Closes: #5097
Manual peers (-addnode, -connect + RPC) currently get disconnected by IBD timeout logic for block stalling, block download timeout and headers sync timeout. This can conflict with explicit user intent to keep these peers connected (especially in privacy-focused -connect setups), and causes unnecessary disconnect/reconnect churn.
This PR changes that behavior: manual peers are not disconnected by those timeout paths and we try to re-assign their work to other peers to maintain progress.
Disconnecting manual peers automatically causes reconnect loops and other behavior that can violate user expectation for manually configured peers.
Simply “not disconnecting” (for block stalling) is not sufficient by itself: a manual peer can retain in-flight block assignments and delay overall IBD progress.
I considered taking an approach more like that from #32051, simply protecting peers from some disconnects. However without the reassignment the stalling effects are simply prolonged (which is worse, IMO).
This PR uses a different appraoch:
- For manual peers in block-stalling/download-timeout paths:
- release all in-flight blocks from that peer,
- set a one-round recovery flag (
m_stall_recovery) so scheduler ordering doesn’t immediately reassign those same blocks back to the same peer.
This attempts to both preserve manual connections and maintain download progress. It actively reassigns stalled work so IBD can continue, rather than just waiting longer.
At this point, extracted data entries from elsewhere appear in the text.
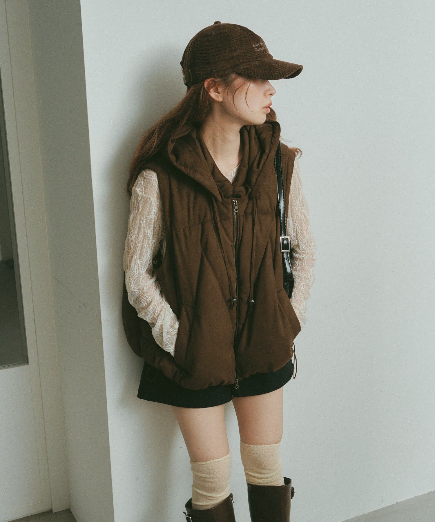TOP > OUTLET > レディース > ジャケット/アウター > ベスト/ジレ > 【Kastane】フェイクスウェード中綿ベスト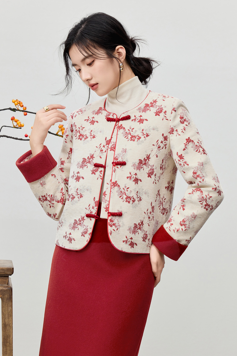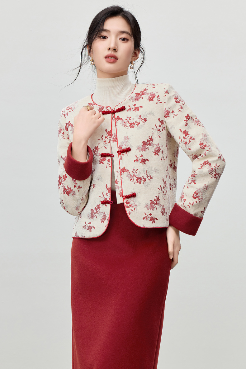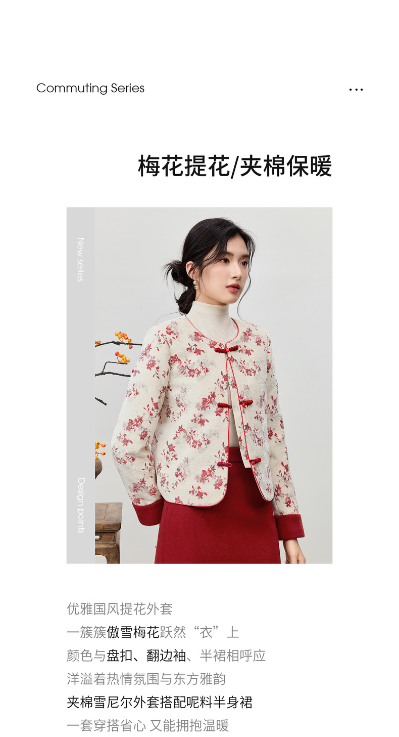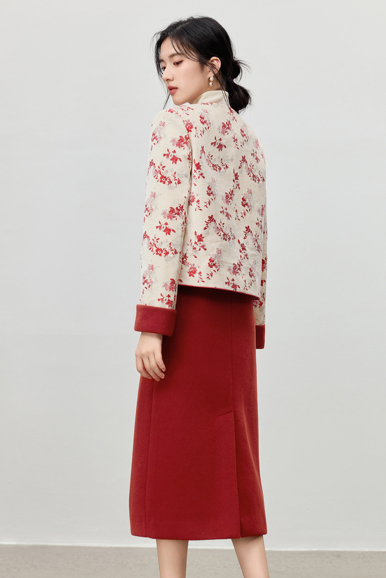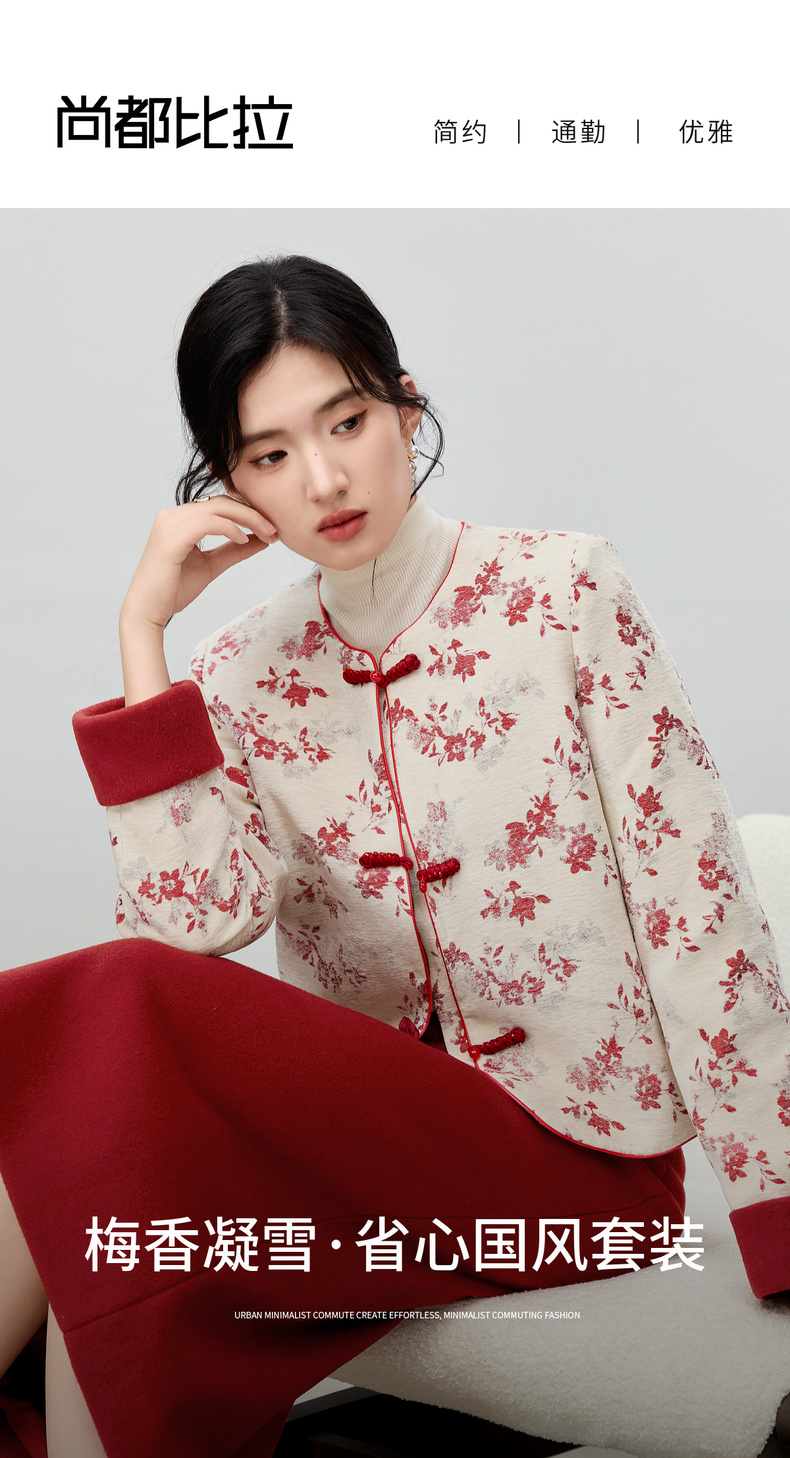 【内购】【免搭配套装】优雅国风盘扣垫肩保暖夹棉雪尼尔外套&A字半身裙-154ZB3993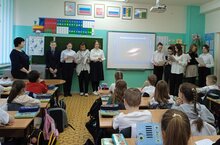В рамках проведения недели астрономии 20 апреля учащимися 7б класса было проведено мероприятие «Космическое путешествие» для учащихся 3б класса. На этом мероприятии ребята ознакомились с вопросами возникновения Вселенной, строения Солнца и звезд. Ребята семиклассники рассказали о первооткрывателях космоса. Третьеклашки задавали вопросы, интересовались из чего состоят звезды, как движется Солнце, но многие вопросы им были известны, что-то они читали, что-то видели в различных фильмах, поэтому многие вопросы они дополняли своими рассказами. После ознакомления с вопросами космоса, была проведена небольшая викторина. Мероприятие ребятам очень понравилось.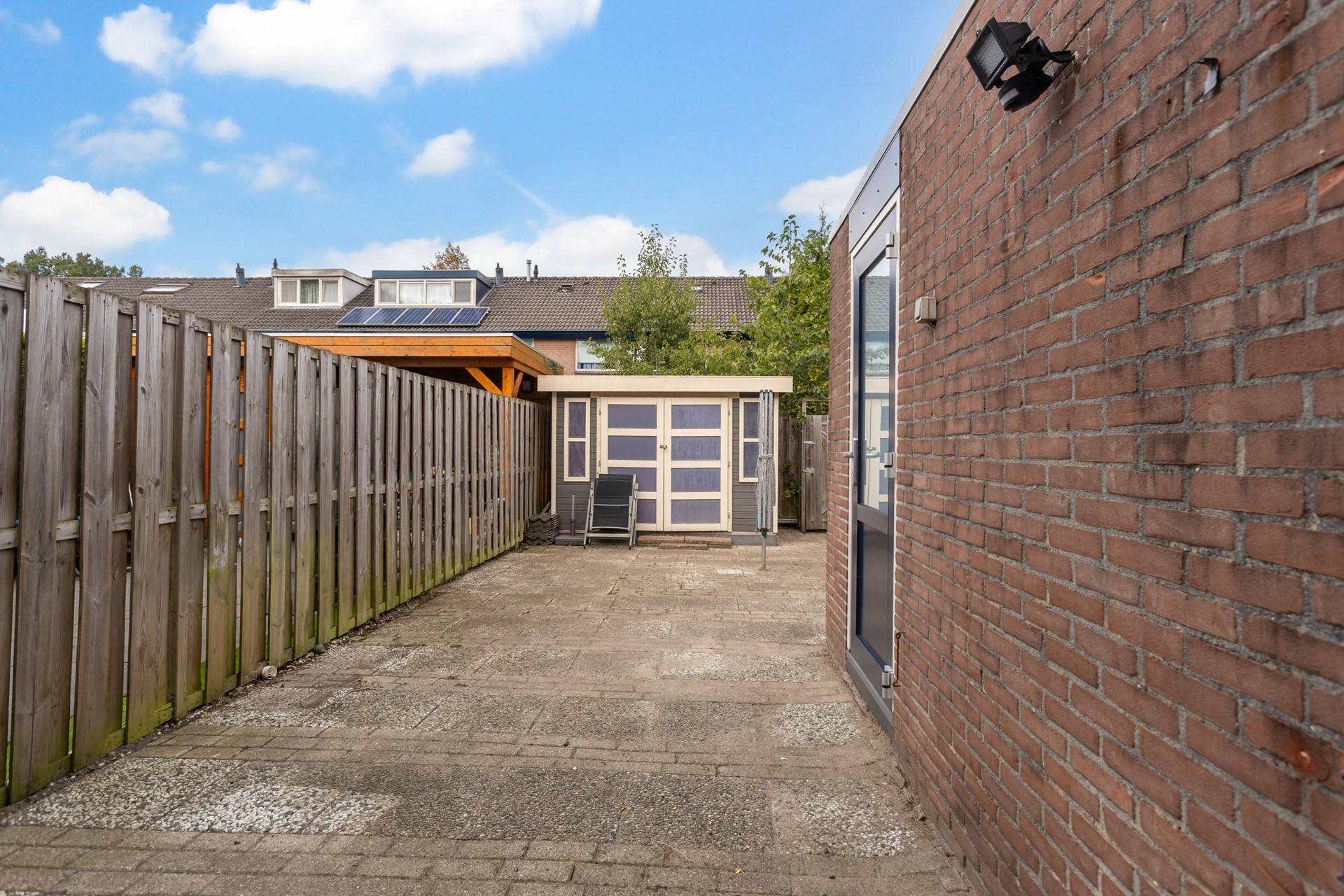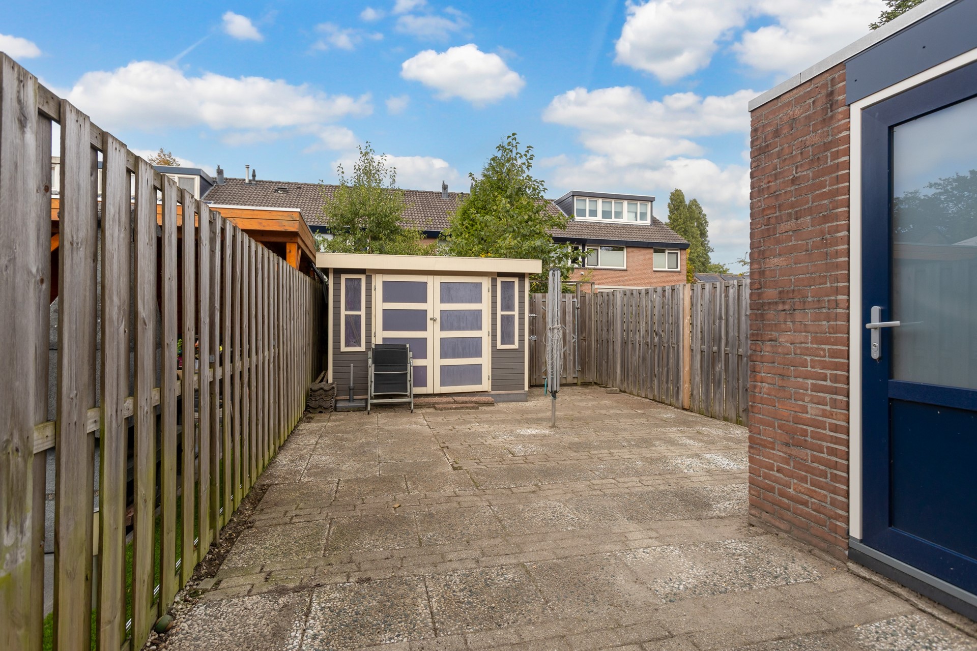 De achtertuin is gesitueerd op het westen en is onderhoudsvriendelijk en beschikt over een achterom. Direct achter de woning vind je een berging en helemaal achterin de tuin staat nog een tweede berging. Ideaal voor fietsen of extra spullen.

And, the one-round skip prevents immediate re-capture of freed blocks by the same manual peer due to per-peer send ordering.
Compared with simpler “don’t disconnect” approaches, this is more robust both in tests, and real-world slow-peer conditions.
I believe the changes do not increase remote attacker control because it only applies to manual peers (-addnode, -connect, addnode), which are explicitly chosen by the local operator. You were and still are free to add a malicious peer manually.
A malicious manually-added peer can now remain connected longer, but that peer was already granted privileged trust by operator configuration. And in fact, for block stalling/download timeout this PR reduces potential impact of a slow/malicious manual peer by releasing its in-flight blocks so other peers can fetch them.
Of course, if an operator relies only on bad manual peers, sync can still be delayed.